EXERCISE OBJECTIVE =>
The answer must be the lines from the one that holds "对此,股民们的评论也出现了两" through the final line of the data, copied exactly, with no pictures.

DATASET EXCERPT =>
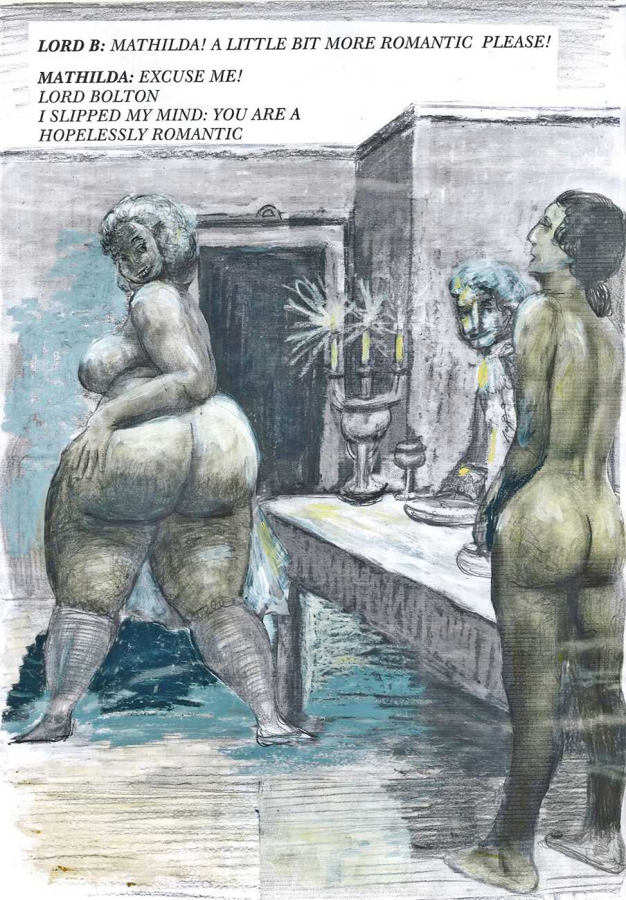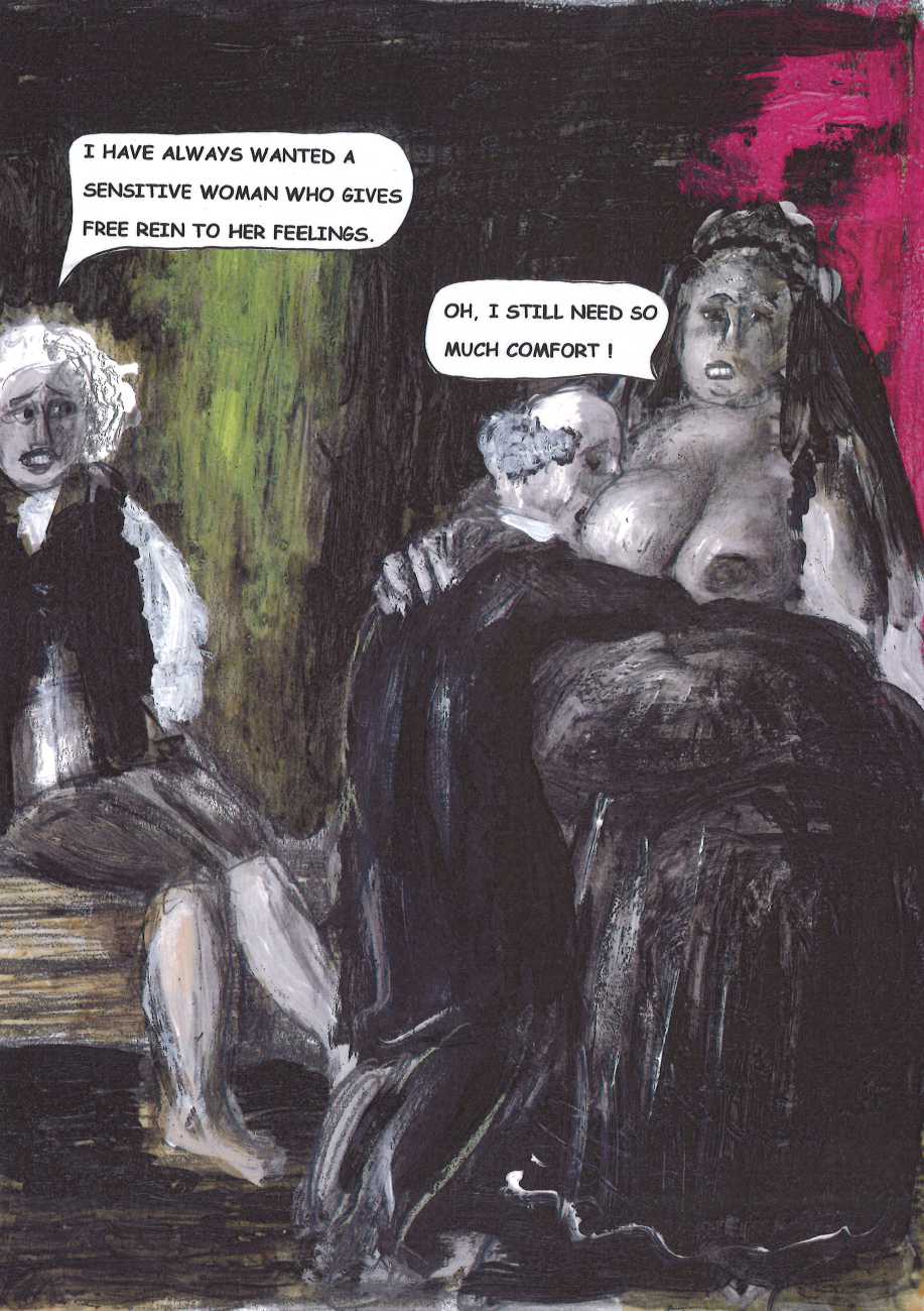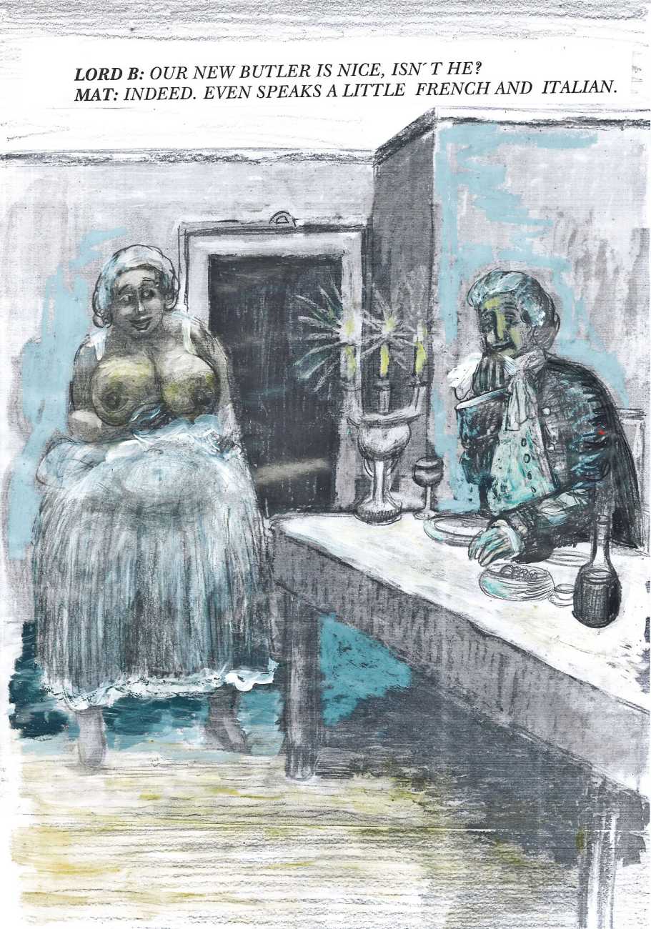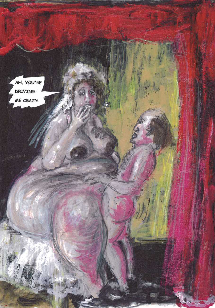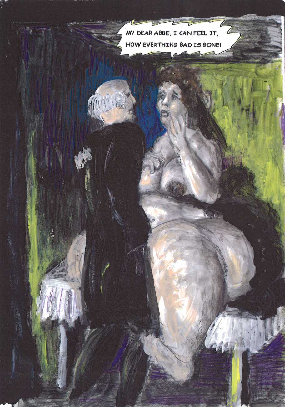 A majority of my images belong to graphic novels. Here too I am a blatant outsider, because my stories – mostly on historical subjects – follow the old tradition of picture stories. Thematically I process classic material such as Boccaccio’s Decameron, stories from the Bible, Lady Chatterley’s Lover, and the life of the philosopher Rousseau, but I have also created my own narratives such as the abbey on the banks of the Meuse or the Pygmalion project. Over time I have created well over 1,200 illustrations, and will continue to add new ones as long as I don’t find myself in a deep, sad hole again or terrible political events throw me off course.
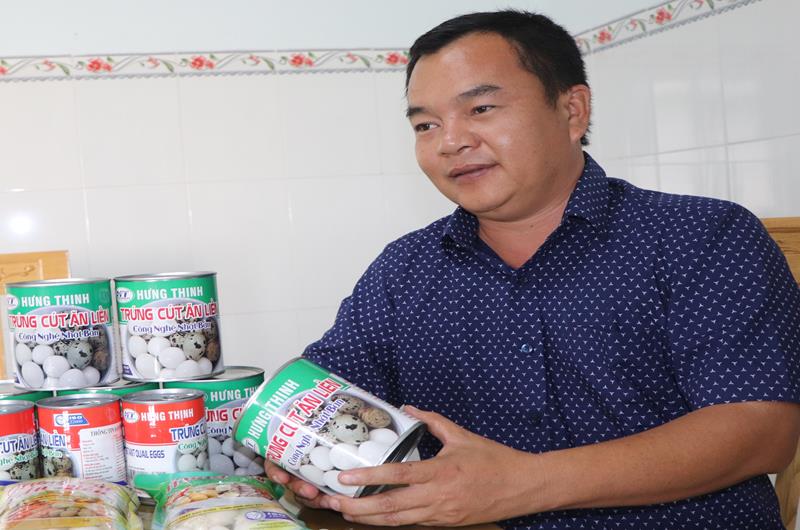 Ông Phạm Văn Thịnh, Giám đốc Công ty TNHH Vương Gia Hưng Thịnh (P.Hố Nai, TP.Biên Hòa) giới thiệu sản phẩm trứng cút ăn liền đạt chuẩn thị trường xuất khẩu
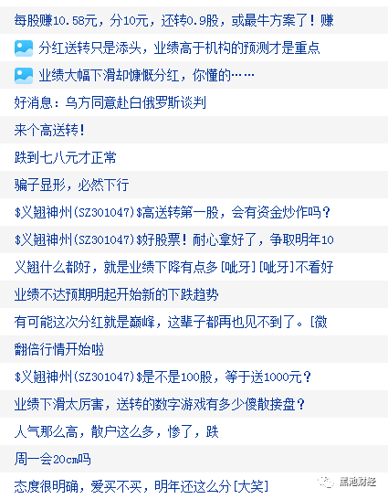 对此,股民们的评论也出现了两极分化,有股民直言,“好公司啊,挣这点钱全分红了”,“向充分考虑中小投资者利益的义翘神州高管团队致敬”,也有股民表示“人气那么高,散户这么多,惨了,跌”、“业绩下滑太厉害,送转的数字游戏有多少傻散接盘?”......
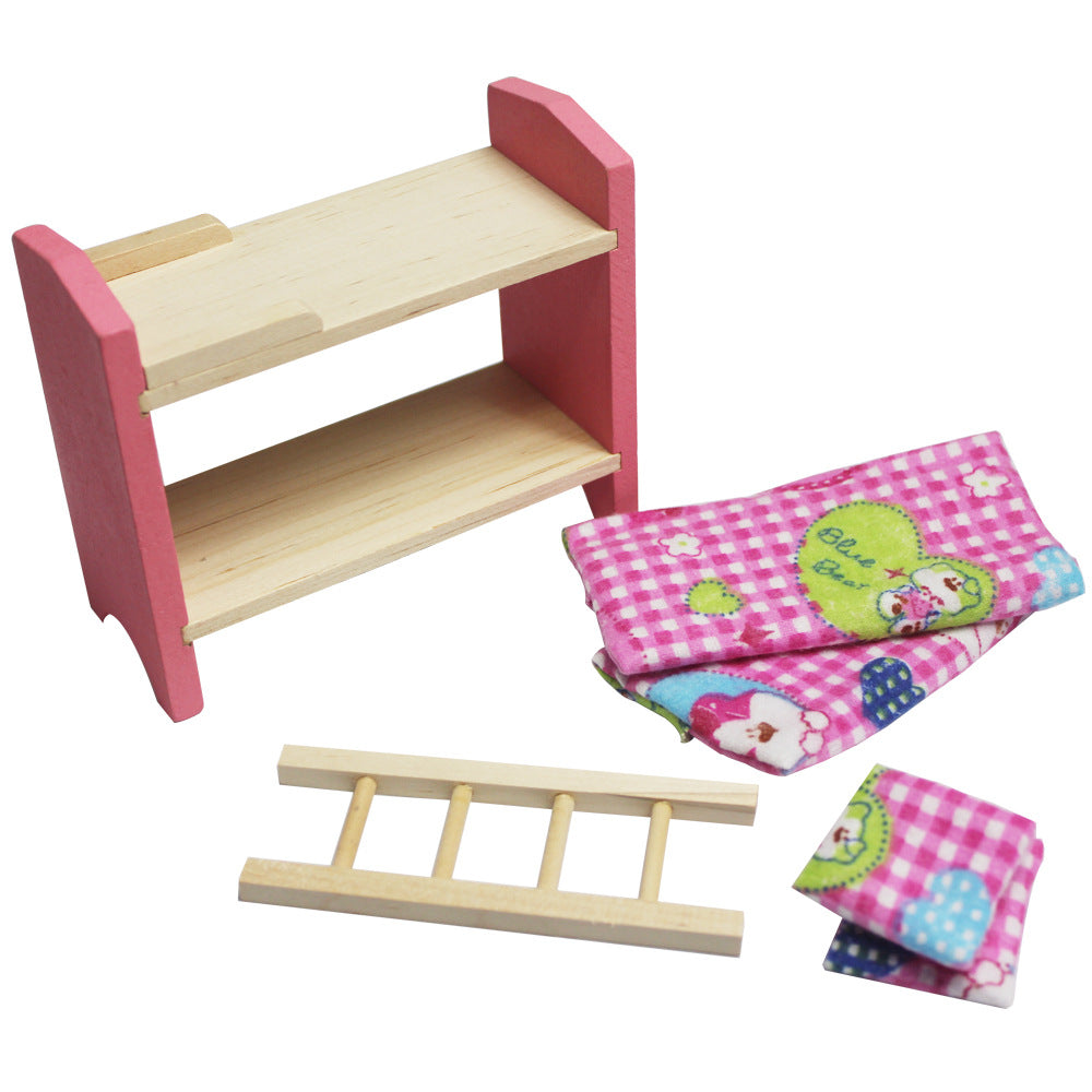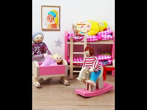 Laissez vos enfants vous raconter des histoires de jeu avec le mini-ensemble de jouets meubles dans une maison de jeu modèle. Cet ensemble de luxe de mini jouets en bois pour maison de poupée surprendra tous les enfants. Chaque pièce est fabriquée avec du bois de première qualité et peinte avec des peintures non toxiques. Cet ensemble de jouets pour enfants comprend un lit superposé avec une échelle, deux poupées, deux chaises, un cheval à bascule et un berceau pour bébé.

RESULT FOR THIS TASK =>
 对此,股民们的评论也出现了两极分化,有股民直言,“好公司啊,挣这点钱全分红了”,“向充分考虑中小投资者利益的义翘神州高管团队致敬”,也有股民表示“人气那么高,散户这么多,惨了,跌”、“业绩下滑太厉害,送转的数字游戏有多少傻散接盘?”......
 Laissez vos enfants vous raconter des histoires de jeu avec le mini-ensemble de jouets meubles dans une maison de jeu modèle. Cet ensemble de luxe de mini jouets en bois pour maison de poupée surprendra tous les enfants. Chaque pièce est fabriquée avec du bois de première qualité et peinte avec des peintures non toxiques. Cet ensemble de jouets pour enfants comprend un lit superposé avec une échelle, deux poupées, deux chaises, un cheval à bascule et un berceau pour bébé.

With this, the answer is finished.